Mediation am Arbeitsplatz: Freiwillig oder Pflicht?

Konflikte am Arbeitsplatz sind keine Seltenheit und können die Stimmung im gesamten Team drücken. Wenn Unstimmigkeiten bestehen bleiben, kann eine Mediation helfen. Doch was gilt, wenn der Arbeitgeber eine solche Maßnahme anordnet? Ist Mediation wirklich immer freiwillig?

Mediation ist grundsätzlich freiwillig

„Eine Mediation ist immer freiwillig“, erklärt Alexander Bredereck, Fachanwalt für Arbeitsrecht. Das bedeutet, dass der Arbeitgeber Angestellte nicht zwingen kann, an einer Mediation teilzunehmen. Bei einer Mediation versuchen zwei Konfliktparteien mit Hilfe einer neutralen dritten Person eine gemeinsame Lösung zu finden. Doch nicht alle sind bereit, diesen Weg zu gehen.

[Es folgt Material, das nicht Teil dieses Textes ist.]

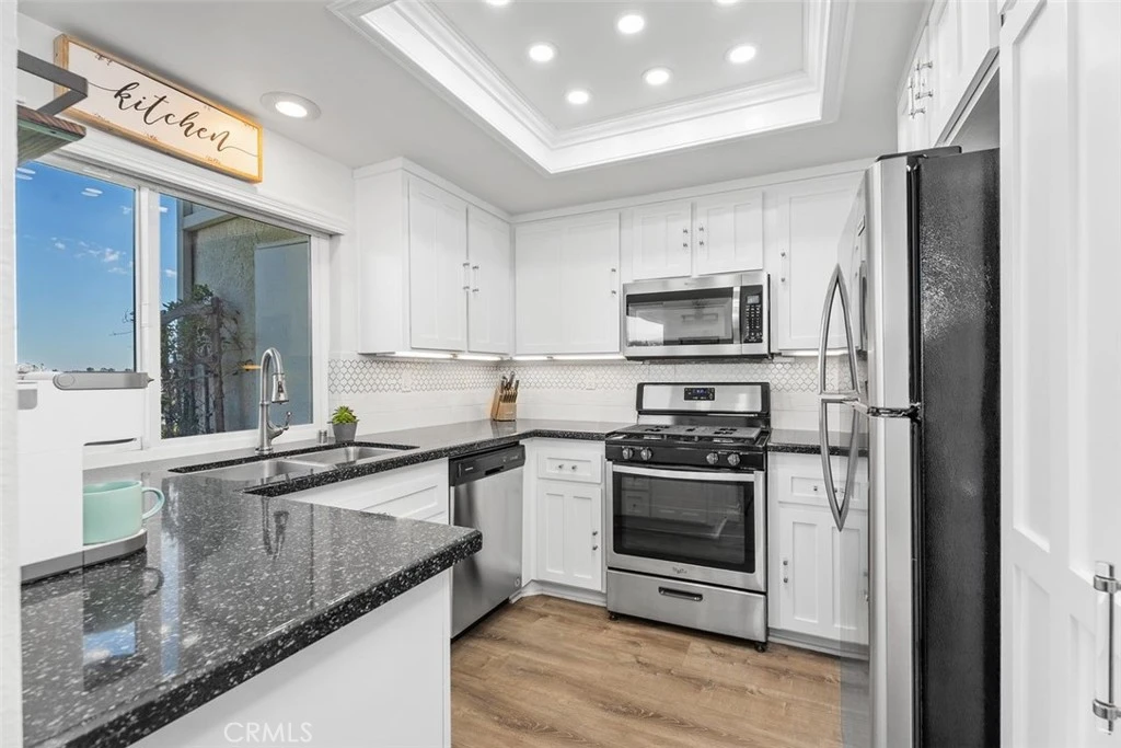 Welcome to resort-style living on Beautiful Lake Mission Viejo! Nestled within the highly desirable lakefront community of Mallorca in the heart of Mission Viejo, this beautifully maintained two bedroom and two bathroom home offers an exceptional blend of comfort, privacy and a prime location. Step inside to a bright, open and inviting floor plan filled with natural light, views of the Saddleback Mountains and Lake Mission Viejo. The spacious living and dining areas flow seamlessly with their oversized glass sliders, windows, light laminate wood flooring and a cozy brick fireplace making the home perfect for both everyday living and entertaining. The remodeled kitchen is light and bright with lake views, granite countertops, stainless steel appliances, white cabinets and a stone backsplash. The hallway leads you to the inside laundry closet, large linen cabinet with stone accents, a secondary bathroom and the two bedrooms. The primary bedroom offers a peaceful retreat feel with calming views of the lake and an ensuite bathroom with a stone walk-in shower, dual sinks and a large closet. The covered patio is spacious with breathtaking lake views perfect for relaxing after a busy day or entertaining with friends and family. The resort-style amenities includes a 24-hour guard at the front gate, two pools/spas, beautifully maintained landscaping and walkways all around the community. The Mallorca private beach boasts covered picnic areas, bbqs, racks for paddle boards/kayaks, community boat dock and limited private boat slips if you wish to have your own boat at the lake. Also included is a membership to the wonderful Lake Mission Viejo where you will enjoy two beaches, a clubhouse, concerts, boat/water rentals, fishing, sand volleyball, playground and swimming. Very close to wonderful lakefront restaurants, shops, gyms and more. You will truly be Living The Good Life! (Click onto the 360 icon under the map for the amazing drone video)

Arbeitgeber kann andere Gespräche anordnen

Unabhängig von der Freiwilligkeit der Mediation kann der Arbeitgeber jedoch anordnen, dass Beschäftigte an einem Personal- oder Klärungsgespräch teilnehmen. Solche Anweisungen sind zulässig, sofern sie angemessen und zumutbar sind. Darüber hinaus stehen dem Arbeitgeber weitere Maßnahmen zur Verfügung, um Konflikte im Betrieb zu entschärfen. Dazu zählen organisatorische Änderungen wie die Anpassung von Teamstrukturen oder Arbeitsbereichen. Auch im Arbeitsvertrag oder in betrieblichen Regelungen können interne Verfahren zur Konfliktklärung festgelegt sein.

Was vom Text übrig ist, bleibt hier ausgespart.